▶ ABOUT THIS EXERCISE:
Sort through the material below and copy each line with "years".

▶ RECORDS TO USE:
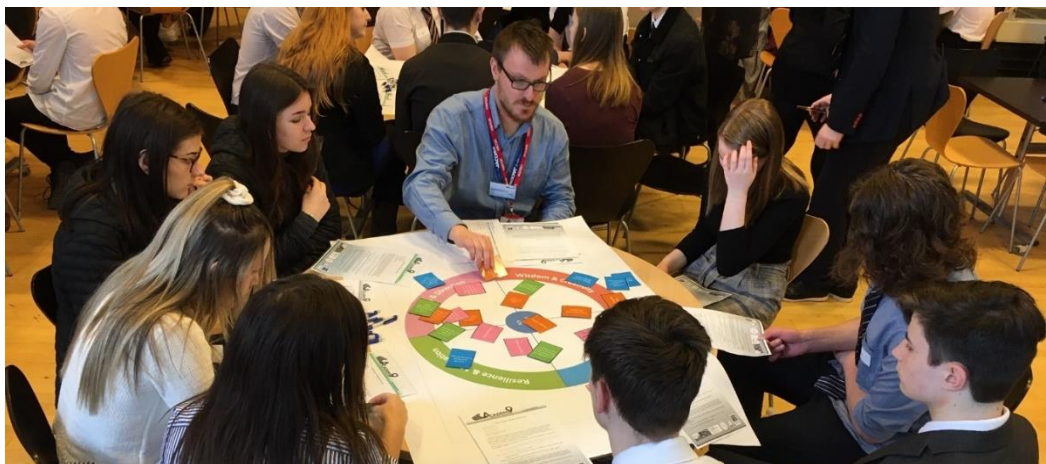
Next Steps Conference at Kingussie High School. Photo taken pre-Covid-19.
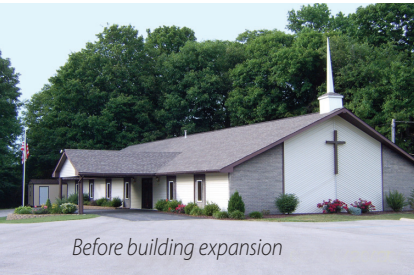
Before building expansion

Attendance at the church had grown so much over the past few years, they could barely fit in the church's 1,200 square foot auditorium. The building had only two restrooms and no real kitchen. In 2006 the church began to plan next steps for
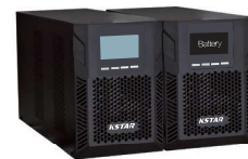
Battery Cabinets. (Optional)
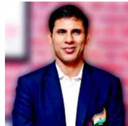
Pankaj Udhas Renowned Singer

I really enjoyed my visit to the school. There are many good players in the school. I pray/wish for the bright future of this school
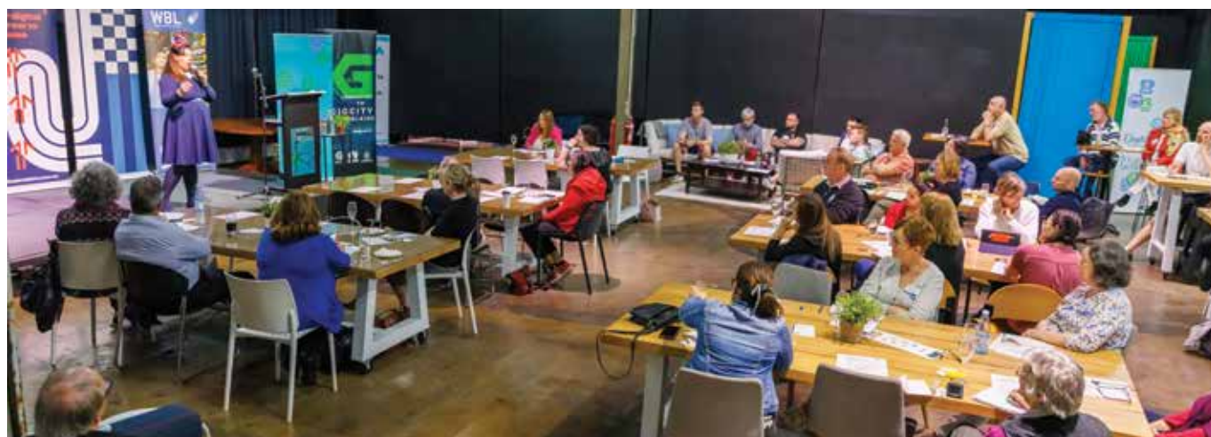
WBL event at Healthy Living Precinct

Various event and workshop series occur throughout the year, including women in the West, tourism industry networking and much more.
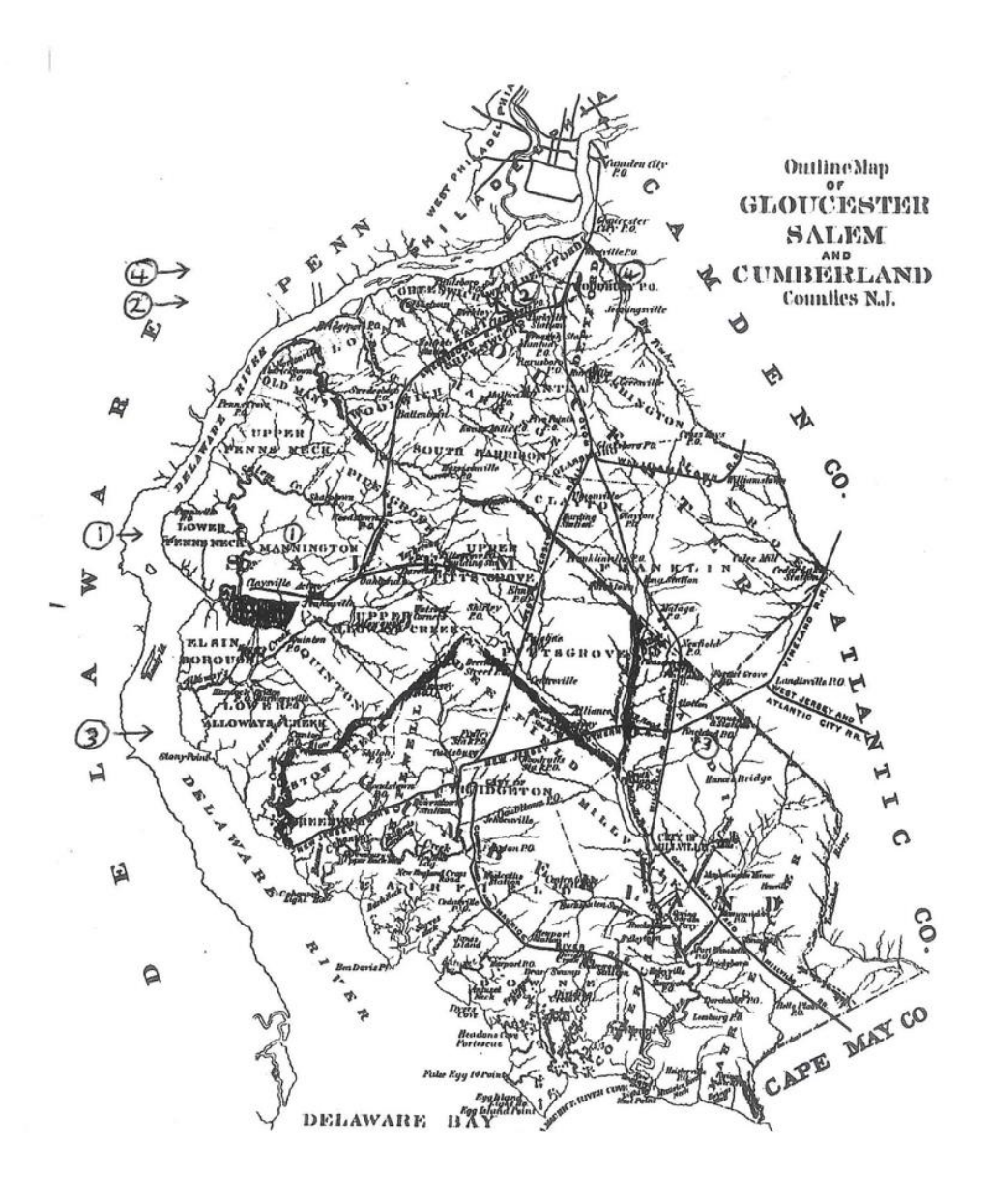
Henrietta Crawford's sequential residences in South Jersey

1 Mannington 2 Clarksboro 3 Vineland 4 Woodbury
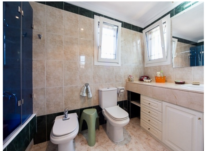
One of three bathrooms
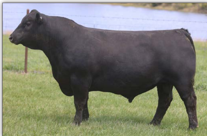
WSC Nobility M158 - Sells as Lot 253

Now here is a unique pedigree with the great Gilbert Iceman tracing back to the EXAR Lucy family that has been a high-income producer for years. M355 has very good growth, excellent scrotal and HP combination, controlled mature height, nice angle, top 25% CW with great $Values.
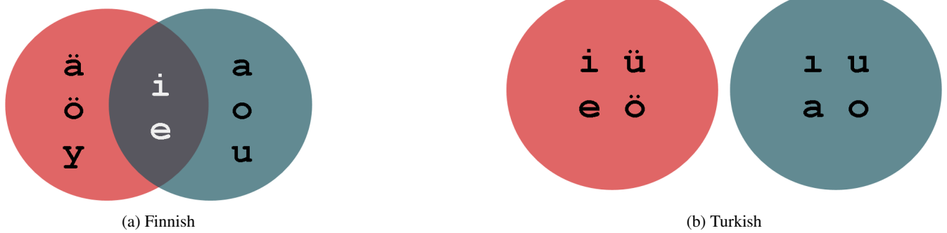
Figure 1: Venn diagrams showing basic vowel harmony systems of Finnish (left) and Turkish (right). All Turkish vowels harmonize, but the Finnish system includes two ‘neutral’ vowels which do not respond to or influence vowel harmony.

only operate on that phone and its neighbors. For instance in English, obstruents occupying the same syllable coda must share the same value for voicing. That is why ‘cats’ is pronounced /kæts/, but ‘dogs’ is pronounced /dɒgz/. The -s is voiced in the latter but not in the former in order to agree with the preceding obstruent. This pattern is local because it only operates over a fixed distance k from the phone in question ( k = 1 here). When another phone intervenes between the obstruents, as in /baksɪz/ ‘boxes,’ the constraint does not apply. That is not to say, however, that all phonotactics apply locally on the surface. They can apply locally on tiers as well. For example, vowel harmony applies between vowels and their nearest vowel neighbors regardless of how many intervening consonants there are. These interactions are still local over a fixed k distance because nearest vowels on the surface are adjacent vowels on the vowel-tier.
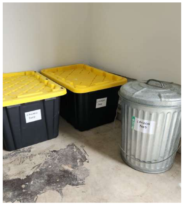
Chicken feed located in garage
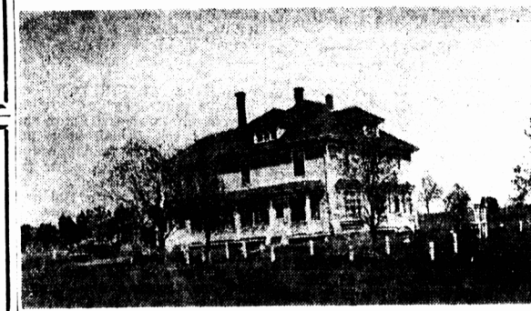
St. James Rectory. Begun 1918, completed 1919.

▶ WRITTEN RESPONSE:
Attendance at the church had grown so much over the past few years, they could barely fit in the church's 1,200 square foot auditorium. The building had only two restrooms and no real kitchen. In 2006 the church began to plan next steps for
Now here is a unique pedigree with the great Gilbert Iceman tracing back to the EXAR Lucy family that has been a high-income producer for years. M355 has very good growth, excellent scrotal and HP combination, controlled mature height, nice angle, top 25% CW with great $Values.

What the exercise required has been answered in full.